Answer
(a) The spring is compressed a distance of 0.26 meters.
(b) The block slides back up the incline a distance of 0.34 meters.
Work Step by Step
(a) Let $W_f$ be the work done by friction as the block slides. We can use work and energy to find the compression of the spring:
$\frac{1}{2}kx^2 = mgh+W_f$
$\frac{1}{2}kx^2 = mgd~sin~\theta-mgd~cos~\theta~\mu_k$
$x^2 = \frac{2mgd~(sin~\theta-\mu_k~cos~\theta)}{k}$
$x = \sqrt{\frac{2mgd~(sin~\theta-\mu_k~cos~\theta)}{k}}$
$x = \sqrt{\frac{(2)(0.50~kg)(9.80~m/s^2)(0.85~m)~(sin~30.0^{\circ}-(0.25)~cos~30.0^{\circ})}{35~N/m}}$
$x = 0.26~m$
The spring is compressed a distance of 0.26 meters.

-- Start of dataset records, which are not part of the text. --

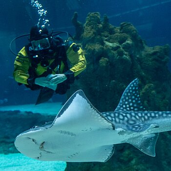 płaszczek. To wyjątkowy moment, by przybić nurkowi piątkę przez szybę oraz przekonać się, jak wygląda jego codzienna misja troski o oceaniczne środowisko. Dla najmłodszych to szansa na poznanie zawodu nurka więcej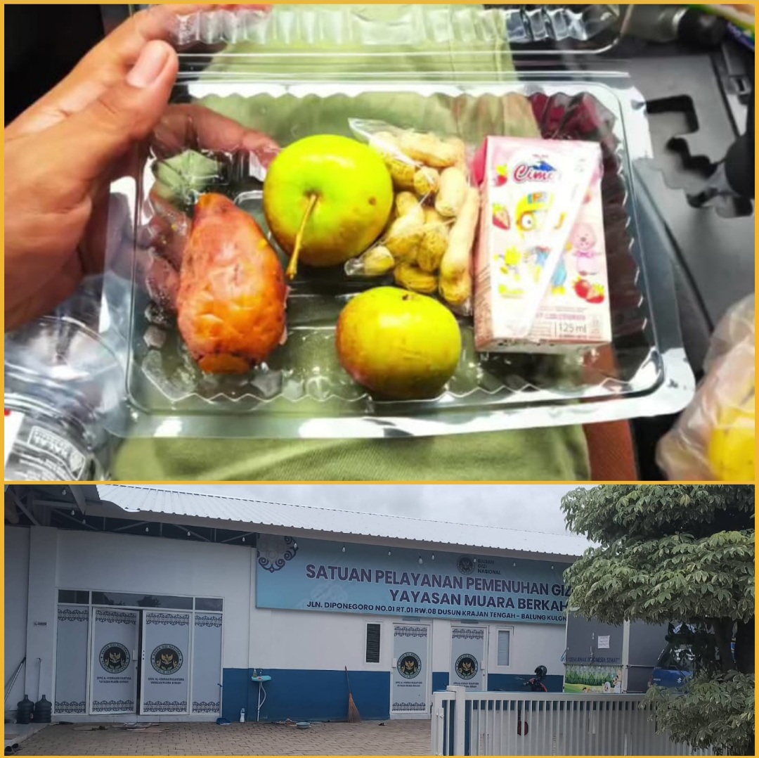 Bagaimana tidak, setiap siswa di sekolah tersebut, mendapat MBG tidak di wadahi mengunakan baki sebagaimana mestinya, termasuk menu yang disajikan, dari data yang diterima media ini, MBG di sekolah tersebut dibungkus menggunakan plastik mika dengan isi, satu bungkus kacang tanah garing, 1 buah Ubi ungu, 1 buah susu ultra, dan dua buah apel ukuran kecil, dan tanpa nasi.
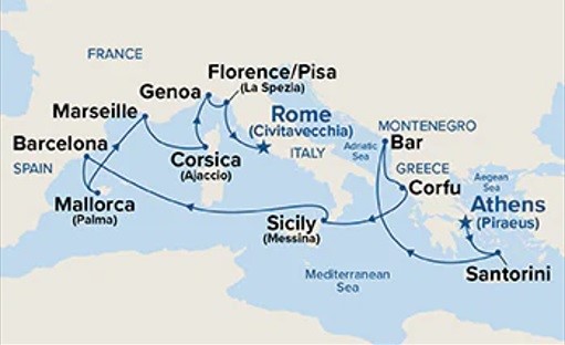- 暢遊: 希臘(雅典(比雷埃夫斯)、聖托里尼、科孚島)、黑山共和國 (巴爾)、意大利(西西里(墨西拿)、熱拿亞(五漁村)、拉斯佩齊亞 (佛羅倫斯/比薩)、奇維塔韋基亞(羅馬))、西班牙(巴塞隆拿、馬略卡(帕爾馬))、法國(馬賽(普羅旺斯)、科西嘉島(阿雅克肖))
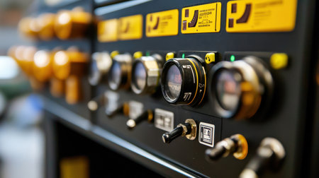 This image captures a close-up of an industrial control panel filled with various dials and switches, showcasing essential equipment for efficient machine operation in a factory.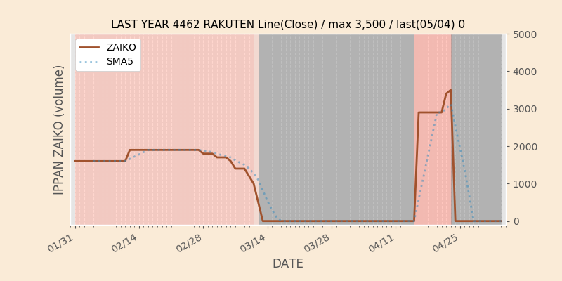 権利落ち日になると在庫が急回復します。どれだけの在庫が供給されたかを類推できます。もちろん、権利付最終日以前に大量補充された例も目立ちますから、過去チャートをご覧になる際は日付にご注意ください。

(b) We can use conservation of energy to find the distance the block slides back up the incline after it leaves the spring:
$mgh = \frac{1}{2}kx^2 +W_f$
$mgd~sin~\theta = \frac{1}{2}kx^2 -mgd~cos~\theta~\mu_k$
$mgd~sin~\theta + mgd~cos~\theta~\mu_k = \frac{1}{2}kx^2$
$d = \frac{kx^2}{2mg~(sin~\theta + \mu_k~cos~\theta)}$
$d = \frac{(35~N/m)(0.26~m)^2}{(2)(0.50~kg)(9.80~m/s^2)~(sin~30.0^{\circ} + (0.25)~cos~30.0^{\circ})}$
$d = 0.34~m$
The block slides back up the incline a distance of 0.34 meters.